Officials no longer considering local mask mandate


Now that a state mask mandate is in place, a local mandate is no longer being considered.

“We are endorsing [Gov. Eric Holcomb’s] mandate at the current moment,” said Shawn Werner, administrative director of the Dubois County Health Department. “Since the governor issued the statewide mandate, that has taken the place of a local one.”

Discussions about a local mandate started after the numbers of positive COVID-19 cases increased in the county. A group of local leaders met Tuesday and Wednesday of last week to discuss the possibility. The group included county officials, leaders from the municipalities and health officials. Those meetings were a continuation of meetings from the previous week, when the group made a public proclamation urging people to wear face masks.

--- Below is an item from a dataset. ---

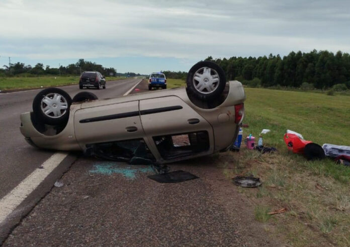 Por causas que la Policía de Entre Ríos intenta establecer, un automóvil Renault Clio que circulaba en sentido sur-norte sufrió un despiste seguido de vuelco. El vehículo era conducido por un hombre de 61 años, quien viajaba acompañado por una mujer y otro hombre, ambos de 56 años, todos oriundos de la provincia de Buenos Aires.
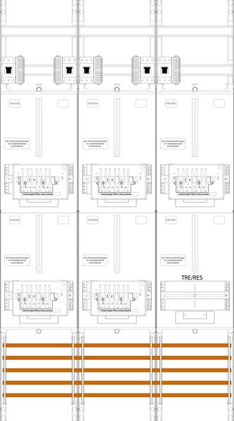 | Kurzbeschreibung | Zählerfeld Z216ZR6-ZSK-HSP, 3-feldrig, H=1350mm, 5-3.HZ, 5 ZSK-Set, 5 HSP, 1 TRE |

After the proclamation was made on July 17, members of the group had gotten some feedback from local businesses over that weekend, and there was a push for a mandate, Dubois County Commissioner Chad Blessinger said.

Last week, the group decided to wait to see what Holcomb would say in his weekly press conference, and he ended up announcing a statewide mask mandate, which went into effect this week.

“Once he made the announcement and made [a mandate] statewide, we felt there wasn’t much else we needed to do locally,” Blessinger said. “I guess we can make it more restrictive than the state, but I don’t think anybody has that in mind at this time.”

The current state mandate runs though Aug. 26. But the mandate could be lengthened.

“If for some reason he rescinds it in 30 days and we still feel like we need it locally,” Werner said, “then we would have to cross that bridge when we get there.”

The Huntingburg Common Council expressed its support of the state mandate at its meeting Tuesday evening, and encouraged residents to follow it. Councilman Jeff Bounds read a prepared statement on behalf of the council.

“I’d like to request that we all make a united effort to do everything that we can to slow the spread, flatten the curve and protect the public ourselves, our coworkers and our loved ones,” he said, “by abiding by the recommendations of our trusted health care officials and local leaders.”

He encouraged people to also wash their hands regularly, use hand sanitizer, keep their areas disinfected and stay home if they don’t feel well. He also encouraged those who are in the at-risk category due to a health concern to stay home as much as possible.

He also asked people to be respectful of each other, especially during this time of mounting stress.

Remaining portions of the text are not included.